### Task to complete
Write out the data exactly, please, and omit the pictures.

### Source material
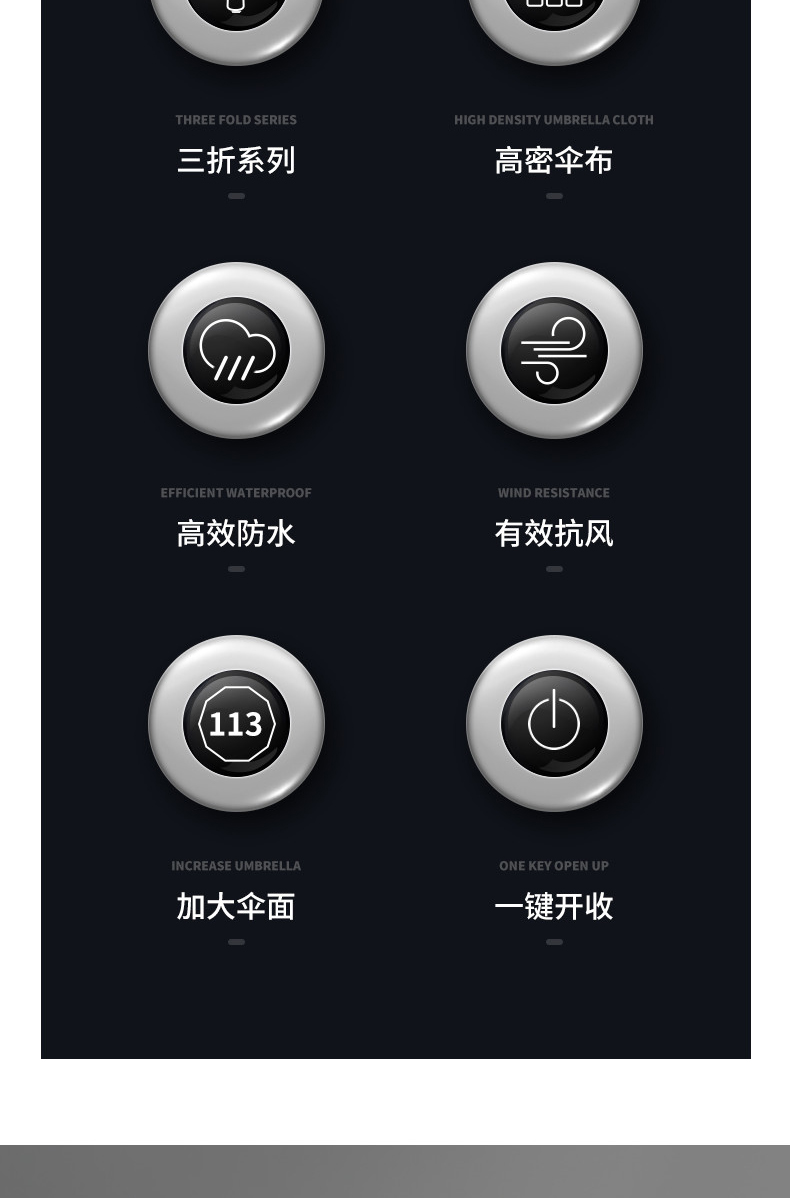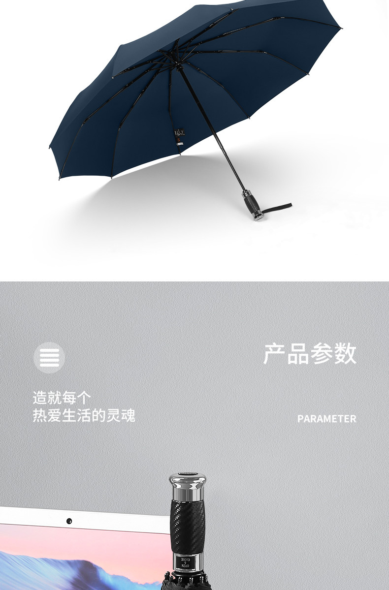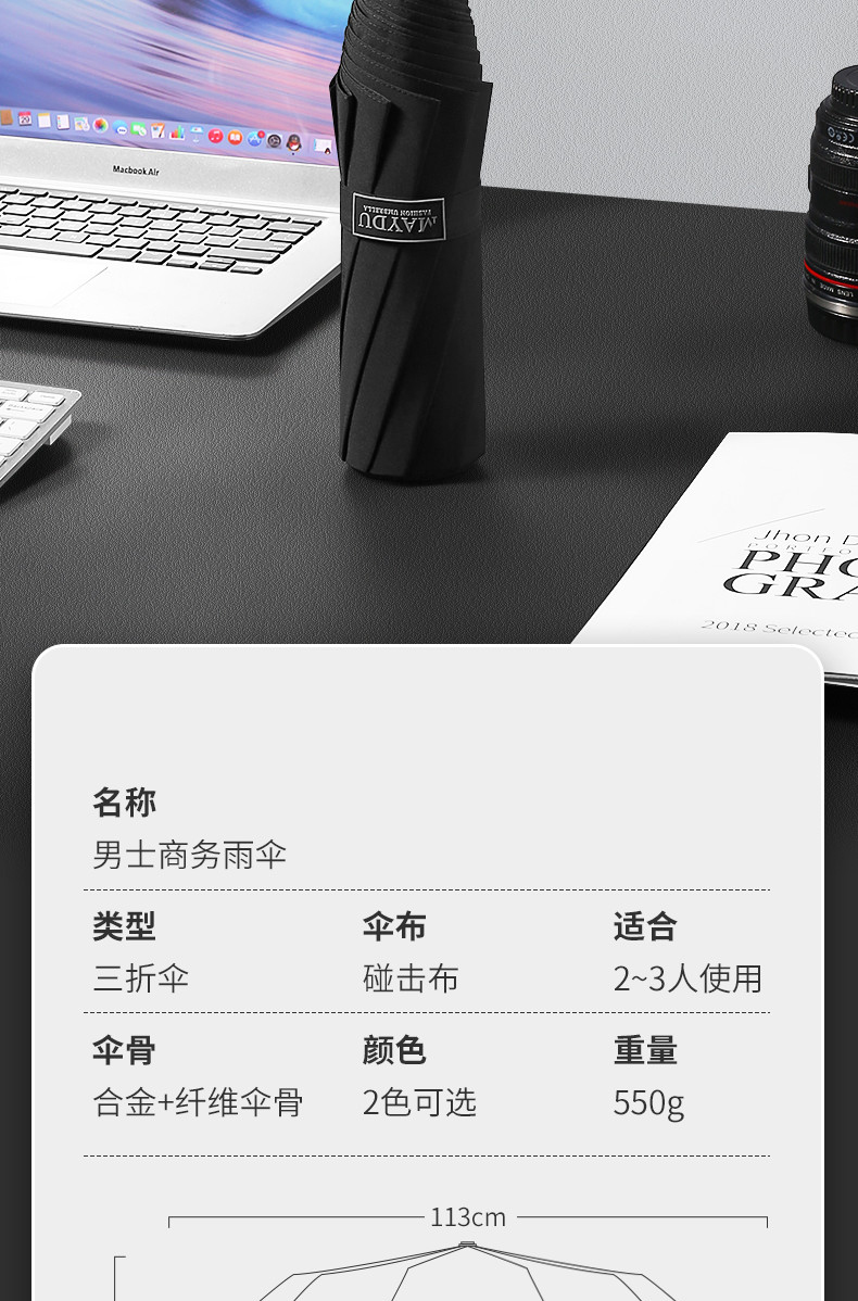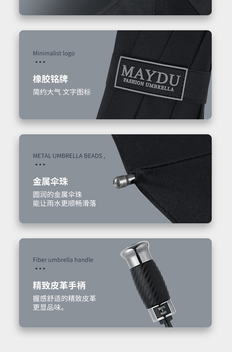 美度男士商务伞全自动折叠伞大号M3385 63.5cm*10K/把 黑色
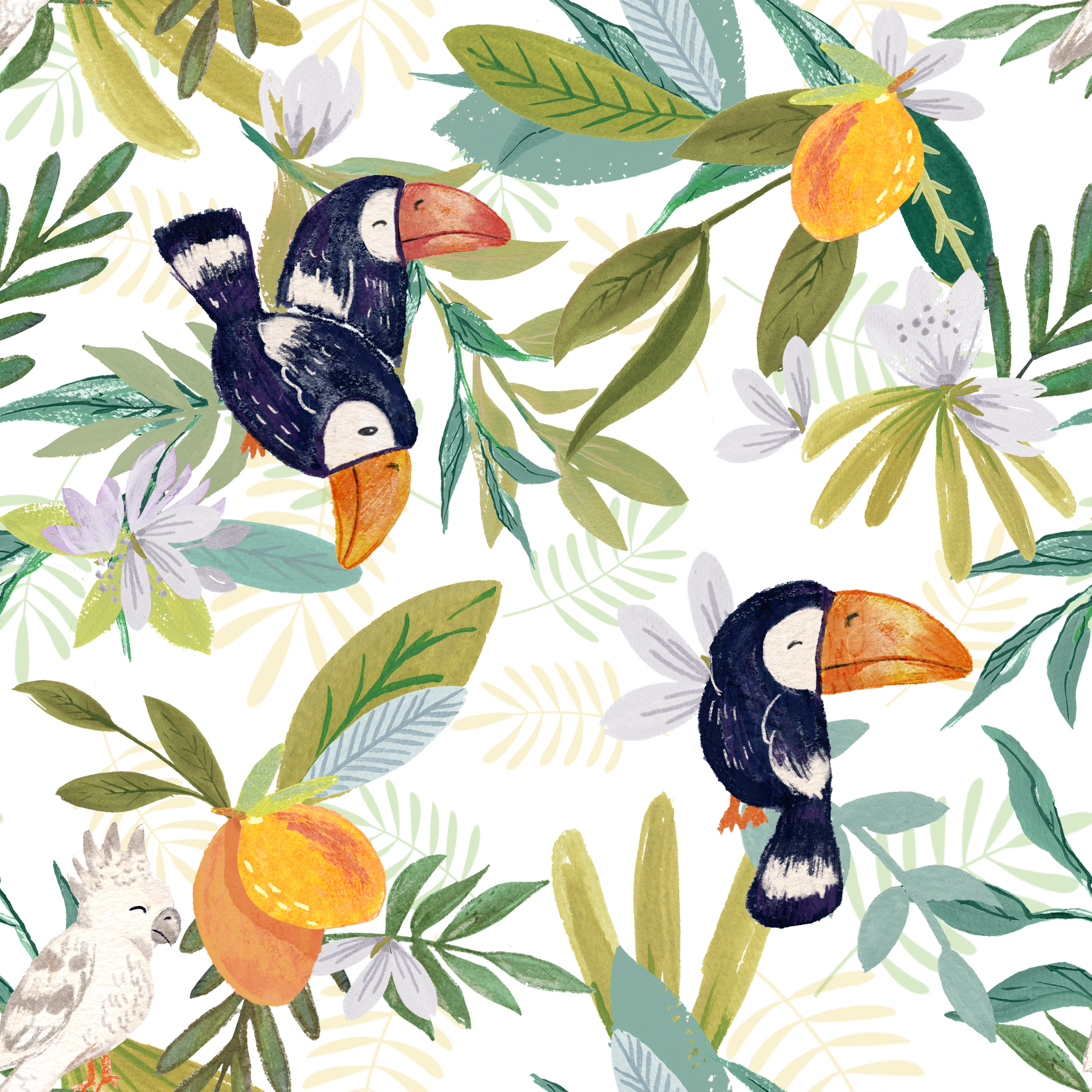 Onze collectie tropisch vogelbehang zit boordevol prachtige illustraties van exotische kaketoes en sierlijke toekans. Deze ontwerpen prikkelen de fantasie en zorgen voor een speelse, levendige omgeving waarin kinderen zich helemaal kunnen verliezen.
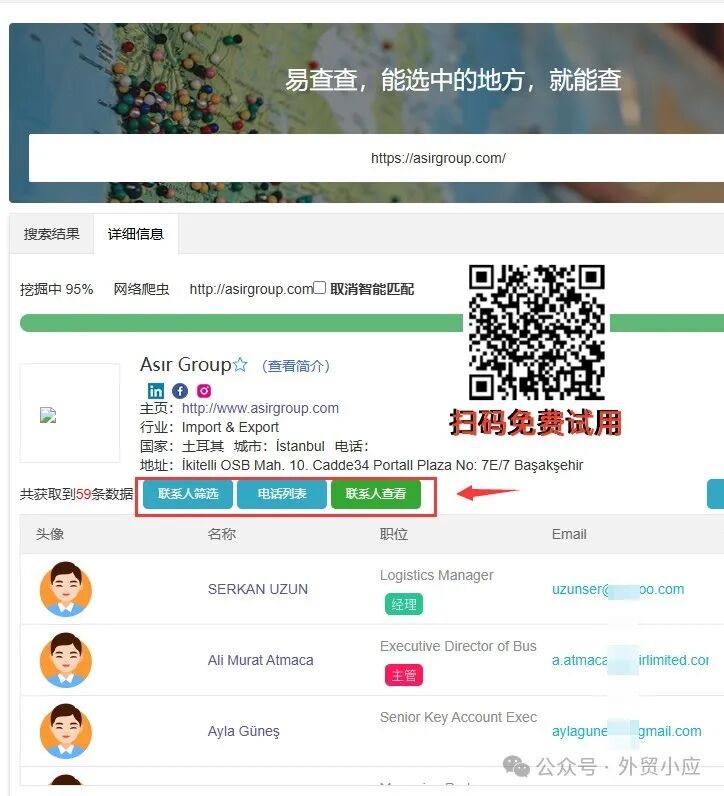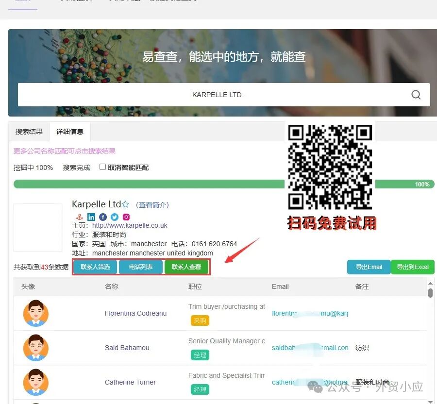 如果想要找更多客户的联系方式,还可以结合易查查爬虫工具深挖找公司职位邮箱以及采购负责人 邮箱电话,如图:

### Exercise result
 美度男士商务伞全自动折叠伞大号M3385 63.5cm*10K/把 黑色
 Onze collectie tropisch vogelbehang zit boordevol prachtige illustraties van exotische kaketoes en sierlijke toekans. Deze ontwerpen prikkelen de fantasie en zorgen voor een speelse, levendige omgeving waarin kinderen zich helemaal kunnen verliezen.
 如果想要找更多客户的联系方式,还可以结合易查查爬虫工具深挖找公司职位邮箱以及采购负责人 邮箱电话,如图:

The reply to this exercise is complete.